I’m still amazed at just how much better a similar spin-off game is.
RECOMMENDATION:

Only for die-hard Dynasty Warriors fans.

I’ll be honest; I don’t know much about the history of the Dynasty Warriors series, so I can’t provide you a comprehensive look at the differences from the last iteration of the series. From what I understand, there have been a number of improvements, including a more directed story experience with better character development, better graphics, more varied characters, and the inclusion of weapon machinery that can be utilized in battle. From a newcomer’s perspective, the additions don’t seem to make the game very interesting. Players can expect hours upon hours of grinding through underpowered enemies with little to break up the experience and keep it fresh. Having played the game side by side with Samurai Warriors: Chronicles, it’s clear that Dynasty Warriors doesn’t have the same flair as its spin-off series.

Being that both Samurai Warriors and Dynasty Warriors are such similar games, it was hard for me to pinpoint what was to cause such a disparity in my enjoyment. As it turns out, the objectives were the main cause of my dissatisfaction with Dynasty Warriors. In Samurai Warriors, while you are doing the same thing (hack ‘n’ slashing thousands of enemies), the objectives there were always evolving and changing and were extremely varied. Dynasty Warriors 7 is more straightforward, with simpler objectives and less sudden new objectives to complete.

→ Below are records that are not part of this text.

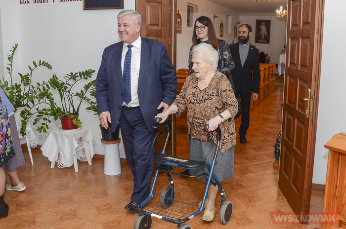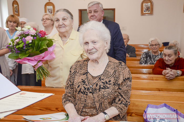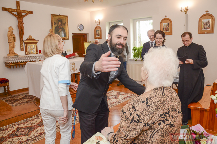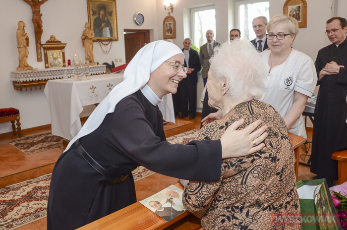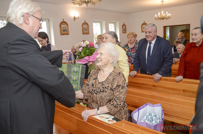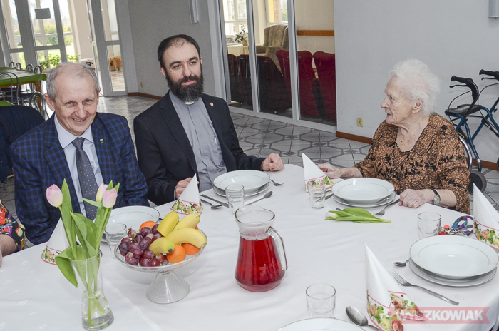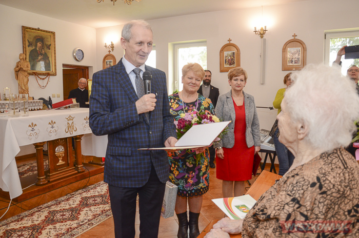 Wśród gratulujących była radna Jadwiga Stoszewska, kierownik Urzędu Stanu Cywilnego Teresa Kasprowicz, ks. Proboszcz Paweł Stachecki, dyrektor domu ks. Łukasz Mikołajczyk. Również mieszkańcy pracownicy domu obsypali jubilatkę kwiatami.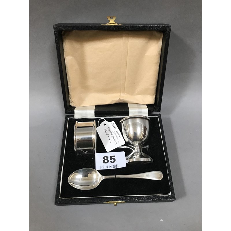 Cased Silver Egg Cup and Spoon and a Napkin Ring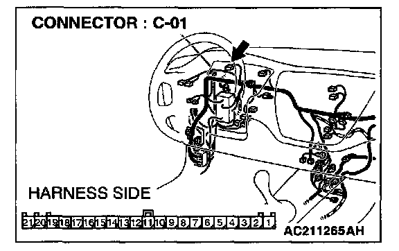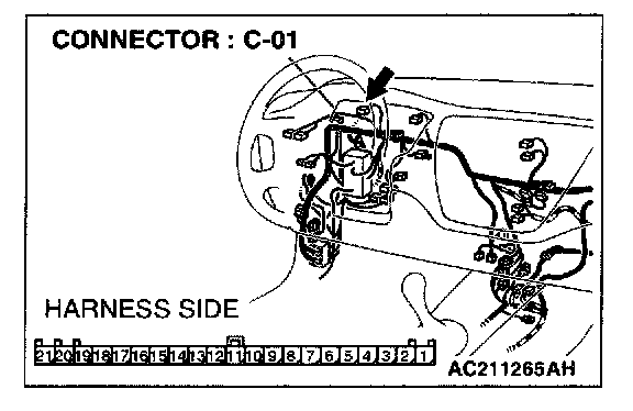 STEP 5. Check combination meter connector C-01 for loose, corroded or damaged terminals, or terminals pushed back in the connector.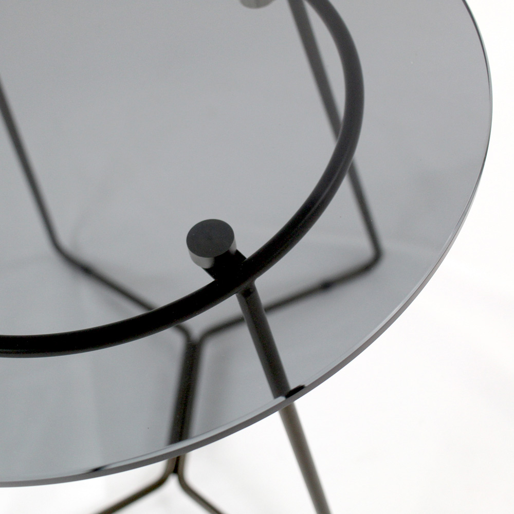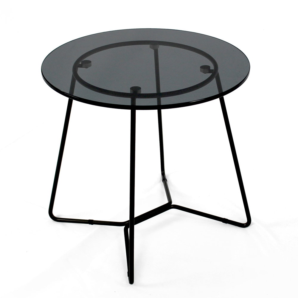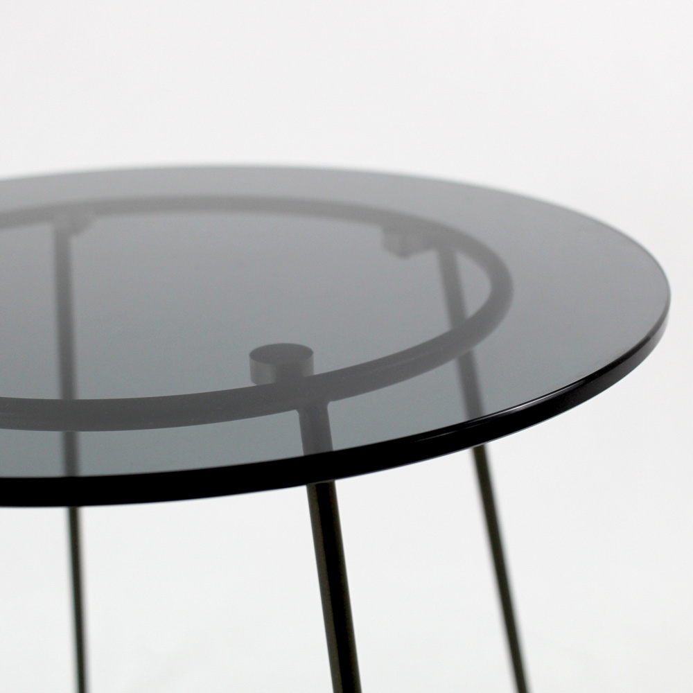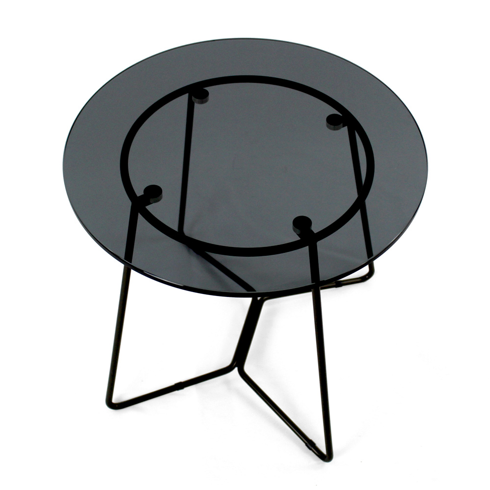 Mesa de centro redonda com base em aço pintado e tampo de vidro.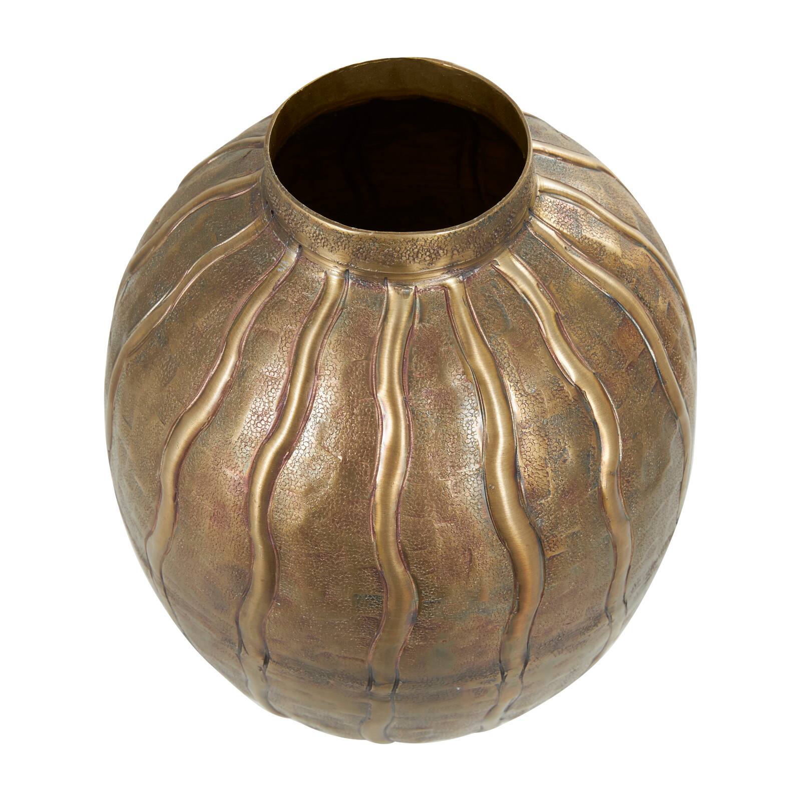 12" Brass Metal Snakeskin Inspired Vase with Dimensional Wavy Accents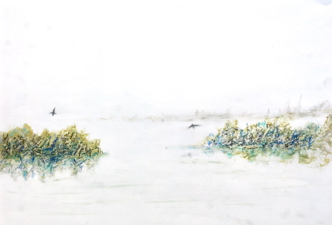 When I was selected as one of eight artists in the 2014 Wisconsin Community Supported Arts program, I created a series of photographs called "Still Lives in Moving Places." I photographed everyday objects—a glass vase, a pewter creamer, a white enamel pitcher—in places that included Meyers Beach, Copper Falls State Park, and my yard in Washburn deeply covered in snow. These still lifes occurred in places where water, wind, and light had been moving; and, in the making of these images, gratitude for natural beauty and love for the people associated with those objects moved through me.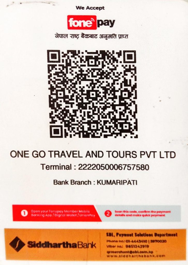 Contact Need to contact us? Use one of the options below. Our team are always happy to help. Email us Drop us an email and we’ll get back to you within 24hrs. Full Name Email Contact Number What's your Message? Submit Trip Queries Emergency Helpline +977 015908354 / 015906952 Contactable Hours Sun - Fri: 9AM to 5PM Require information about a trip? info@onegotravel.com.np Our bank details Please scan the QR code or refer the bank details below.Bank Name: Siddhartha BankAccount Name: One Go Travel and Tours Pvt LtdBranch: Kumaripati

The resulting gameplay is much less interesting, leaving you to look forward only to button-mashing your way through more enemies. Even in co-op, both locally and online, the experience still feels flat and lifeless. Part of the problem, I’m sure, has to do with the sheer amount of content in the game. While playing through the Chronicles mode, the game shows you a honeycomb map that you must progress through; it’s enormous. That daunting sight makes it that much harder to get through the bland, unchanging battles.

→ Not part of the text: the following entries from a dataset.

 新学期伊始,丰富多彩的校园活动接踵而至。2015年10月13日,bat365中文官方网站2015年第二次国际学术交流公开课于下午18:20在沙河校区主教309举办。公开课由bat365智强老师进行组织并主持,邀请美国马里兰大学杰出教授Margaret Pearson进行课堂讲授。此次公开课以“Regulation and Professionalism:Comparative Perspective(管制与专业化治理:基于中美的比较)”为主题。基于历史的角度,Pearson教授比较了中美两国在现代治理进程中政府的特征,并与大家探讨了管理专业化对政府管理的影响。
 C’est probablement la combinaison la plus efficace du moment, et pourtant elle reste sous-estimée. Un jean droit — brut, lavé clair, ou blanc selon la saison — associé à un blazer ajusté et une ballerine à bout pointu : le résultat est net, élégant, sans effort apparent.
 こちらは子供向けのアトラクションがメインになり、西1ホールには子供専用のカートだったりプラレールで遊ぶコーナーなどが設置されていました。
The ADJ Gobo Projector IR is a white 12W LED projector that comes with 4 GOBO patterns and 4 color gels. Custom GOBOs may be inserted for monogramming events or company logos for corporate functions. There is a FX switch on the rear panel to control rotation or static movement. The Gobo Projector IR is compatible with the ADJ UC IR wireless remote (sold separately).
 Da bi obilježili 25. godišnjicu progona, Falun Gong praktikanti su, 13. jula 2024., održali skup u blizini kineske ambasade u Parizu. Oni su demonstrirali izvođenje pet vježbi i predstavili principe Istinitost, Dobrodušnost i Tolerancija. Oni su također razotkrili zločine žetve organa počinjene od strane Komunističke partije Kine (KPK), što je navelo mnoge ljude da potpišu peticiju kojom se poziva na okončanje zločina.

Even worse, Chronicles mode is more of an ancillary quest, leaving the entire main quest of more of the same to work through. While Dynasty Warriors fans will love the avalanche of content, everyone else will likely grow tired of performing the same tasks ad infinitum.

In terms of difficulty, the game seems to always be one step ahead of you, forcing a replay of particular challenges in order to level up your character and earn new weaponry, both of which will stick with you regardless of losing the battle. Needless to say, replaying the same mission that feels the same as the other missions is doubly frustrating and downright unappealing.

The game earns its only points on having a plethora of weapons and fighters all of which slightly vary the fighting experience. In very short bursts, the game can be tolerable, but with a number of preceding titles with exactly the same gameplay, it makes no sense to spring for the latest when the rest are more than sufficient.

It’s hard to say much more about Dynasty Warriors 7. You run around and hack ‘n’ slash enemies, completing objectives based around killing enemies, particularly the more adept captain enemies. The rest are merely speed bumps that slow you down but offer no challenge. The overwhelming amount of content only further turned me off from the experience as I had no desire to complete all of it in order to beat the game.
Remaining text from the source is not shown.